Monday, 10 June 2019

Not Every Disability Is Visible

Dear Readers,

I am sick and tired of stories being told about invisible illness abuse! It is a daily reoccurrence and many people with invisible disabilities are suffering every day?!

I know there have been scams and cons over blue badges, but the majority of people who are approved of a blue badge need them. Why do people think it is okay to judge someone getting out of a car looking well?

People don't want to look ill, some people are only children. They don't want their illness on show!! Teenagers and young adults, or adults, they don't want their illness on show either!! I can't fathom how people have the integrity to say something and not just get on with their own business.

I know society are trying to become more "invisible disability" aware by putting signs on toilets like this one... 

People are using car stickers like my one...

I was given a blue badge at the age of 17... I would trade my damaged lungs and heart for healthy ones any day and not have my blue badge.

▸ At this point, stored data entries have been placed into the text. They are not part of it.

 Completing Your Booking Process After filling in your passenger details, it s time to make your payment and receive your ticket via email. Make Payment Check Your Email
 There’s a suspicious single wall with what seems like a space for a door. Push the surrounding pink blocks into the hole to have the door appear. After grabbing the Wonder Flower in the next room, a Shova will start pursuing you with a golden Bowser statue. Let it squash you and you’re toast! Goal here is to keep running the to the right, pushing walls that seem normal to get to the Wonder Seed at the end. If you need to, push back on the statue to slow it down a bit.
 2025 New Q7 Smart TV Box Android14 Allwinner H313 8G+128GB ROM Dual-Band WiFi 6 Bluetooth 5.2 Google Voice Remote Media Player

But I CAN'T! I am living life to the best of my ability and if it means I need help and support to make sure I live it the best I can, they I will take it without hesitation. 

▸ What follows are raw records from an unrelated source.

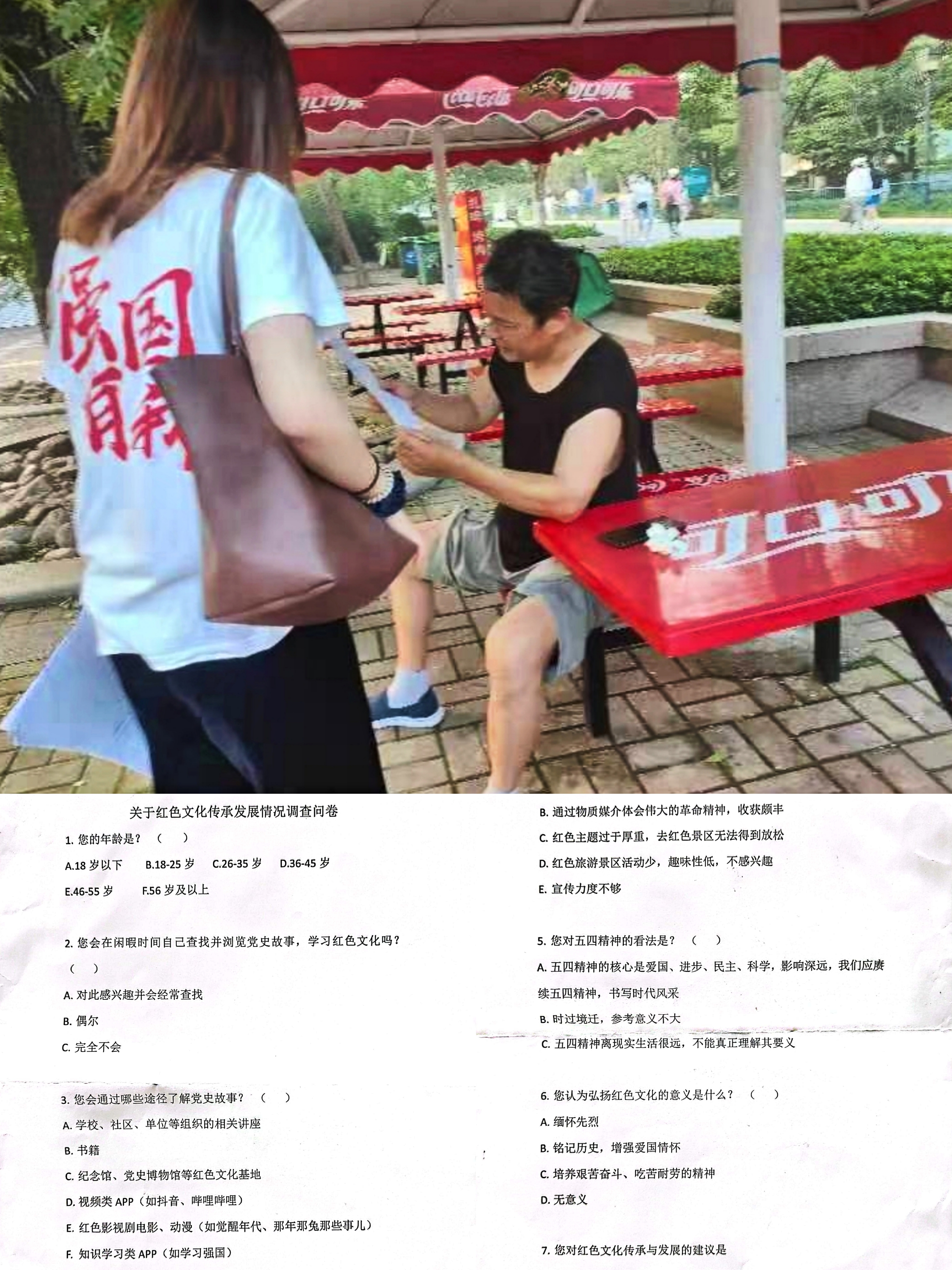 随后,为了深入开展红色文化传承等的调查,团队成员带上前期准备好的调查问卷,随机邀请公园里的市民与游客填写调查问卷,了解相关情况。一位入党三十余年的爷爷给团队成员留下了最为深刻的印象。当提及当前红色文化传承遇到的问题时,爷爷犀利的指出:“最大的问题就是现在的年轻人没有亲身经历过曾经的困难时期,对现在的美好生活的来之不易没有那么深的感触,像我们这样的老人,是最尊重理解咱的红色文化的了。“谈到兴起,爷爷甚至考起了团队成员红色文化的相关问题如毛泽东同志的执政路线等,更让团队成员意识到了自身红色文化的薄弱与陌生,对红色文化传承之路的艰难有了更深的了解。临走前,爷爷殷勤叮嘱团队成员一定要多看书多学习,在红色文化的熏陶下要成为一个对社会更有用的人。
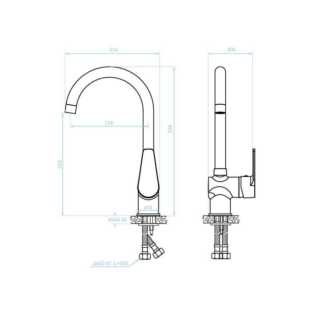Stojanková drezová batéria Luga predstavuje dokonalé spojenie moderného dizajnu s praktickými vlastnosťami. Výška 338 mm a pohyblivý U-tvar výtoku zabezpečujú pohodlné napĺňanie vysokých nádob aj dôkladné umývanie drezu. Jednopákové ovládanie umožňuje presné a rýchle nastavenie požadovanej teploty vody.
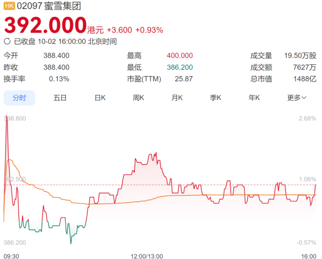 市场方面,蜜雪集团2日港股收报392港元/股,上涨0.93%,最新市值1488亿港元。
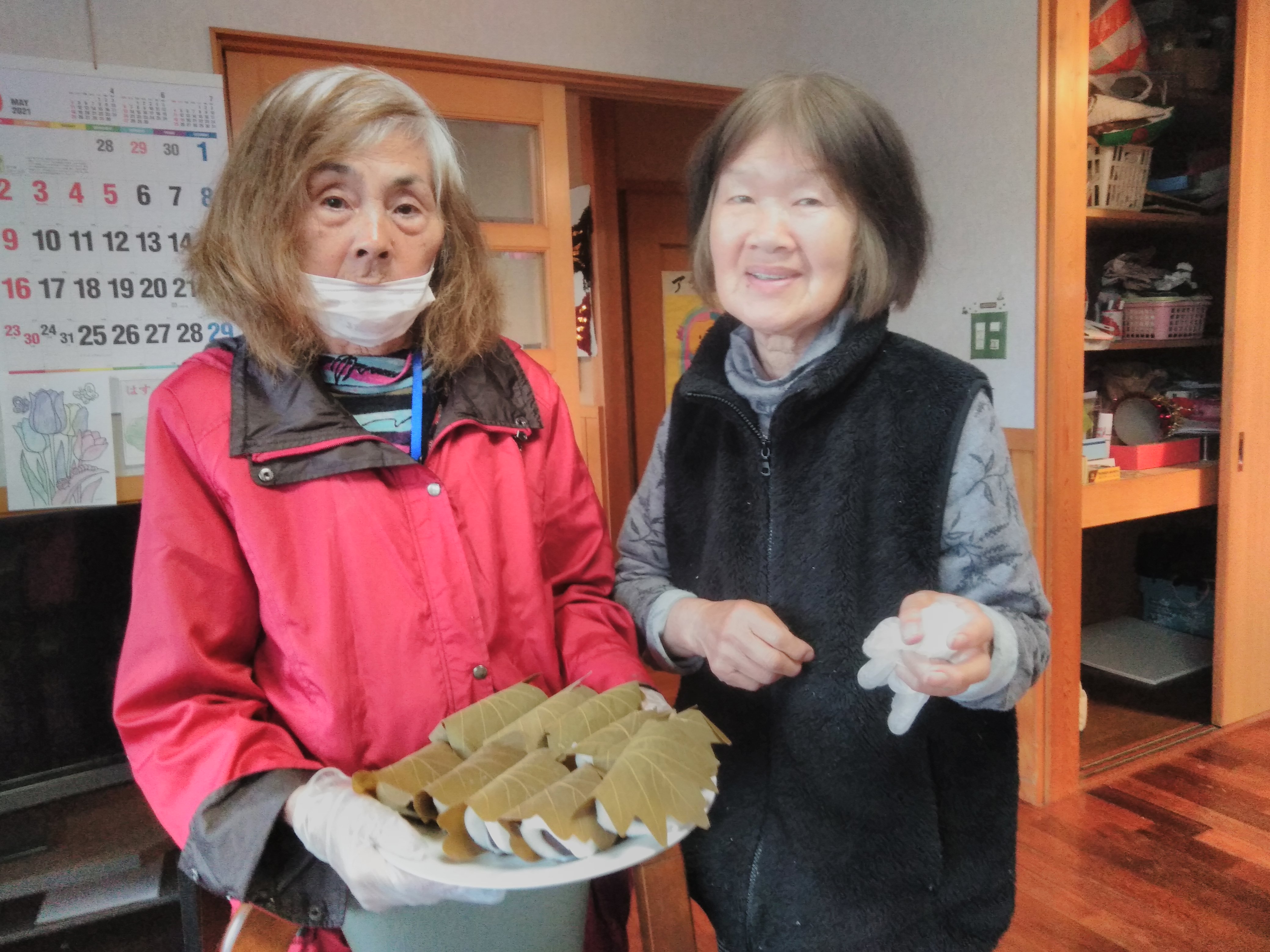 昼食は『かぶとの春巻き』、おやつは定番『柏餅』を作りました(^^♪

It doesn't matter what profession a person is in, even if it is within a hospital, a person with an invisible disability will still get judged. It was only the other day I attended my PH appointment at my local hospital and parked in a disabled bay, with a blue badge. I got out my car, and a nurse shouted at me from across the road and said, “they’re for disabled people you know.” I ignored her and as I walked past her she shook her head and tutted. I wasn’t going to stop and explain, I was off to my Cardiac clinic. When I was called into my consultation, who was the nurse with him? The nurse that shouted at me about my parking. I smiled at her and she looked VERY sheepish. After chatting with my consultant, I deliberately asked about whether a double lung transplant was my only cure. Of course, I already knew the answer. I replied, "yes I thought so, I’m glad I have my blue badge and oxygen". I looked straight at the nurse and she said, "I’m so sorry," My consultant looked at me confused and the nurse admitted what she had done. My consultant wasn’t happy at all and I said "it’s okay she’s apologised and I’m sure she will remember that not all disabilities are visible!!"

Now to have this altercation to begin with was horrible, to have it done by a nurse, was even worse! I think the way I dealt with my situation of keeping quiet when walking past her and bringing it up in my consultation was the best way to solve the problem. I think that nurse has learnt her lesson to not to think before judges others again.

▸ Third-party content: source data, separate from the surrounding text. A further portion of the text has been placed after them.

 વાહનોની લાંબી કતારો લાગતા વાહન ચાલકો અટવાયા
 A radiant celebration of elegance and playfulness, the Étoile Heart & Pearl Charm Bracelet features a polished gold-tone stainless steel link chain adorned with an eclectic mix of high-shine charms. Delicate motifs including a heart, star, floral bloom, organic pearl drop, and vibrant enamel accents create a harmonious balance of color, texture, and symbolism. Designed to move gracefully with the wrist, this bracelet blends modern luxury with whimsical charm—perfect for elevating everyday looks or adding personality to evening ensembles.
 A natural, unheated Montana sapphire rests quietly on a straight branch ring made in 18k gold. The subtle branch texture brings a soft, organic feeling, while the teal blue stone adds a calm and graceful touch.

It’s been a couple of months now since I’ve had my new prescription of portable O2. I feel lucky that I don’t need it 24/7 and only use it when I’m out having a busy day, or on a long car journey or anytime I feel I’m using a lot of my energy and the O2 can give me that extra boost. Luckily they can provide a canister that isn’t too big, and I’m able to have it on my back like a backpack. As you can see from the other photo, it’s of similar size to a champagne bottle! This kind of canister is consistent flow when on, not pulse flow. 

As I've said, parking in a disabled bay can be difficult due to judgemental people, but since having my portable oxygen, I find it quite useful to keep in my car for when I do get people coming over to me asking why I’ve parked in a disabled bay, I just ask them if they would like to hold my oxygen for me. It usually does the trick! 

Anyway, I’m glad I’ve got it now and even though I don’t use it too much, it’s nice to know I have it on me now. It makes days a little easier and I’m not so worn out the following day.

I really hope that even if it is just one person I have encouraged to think again about invisible illness, I will be happy. Remember not every disability is visible!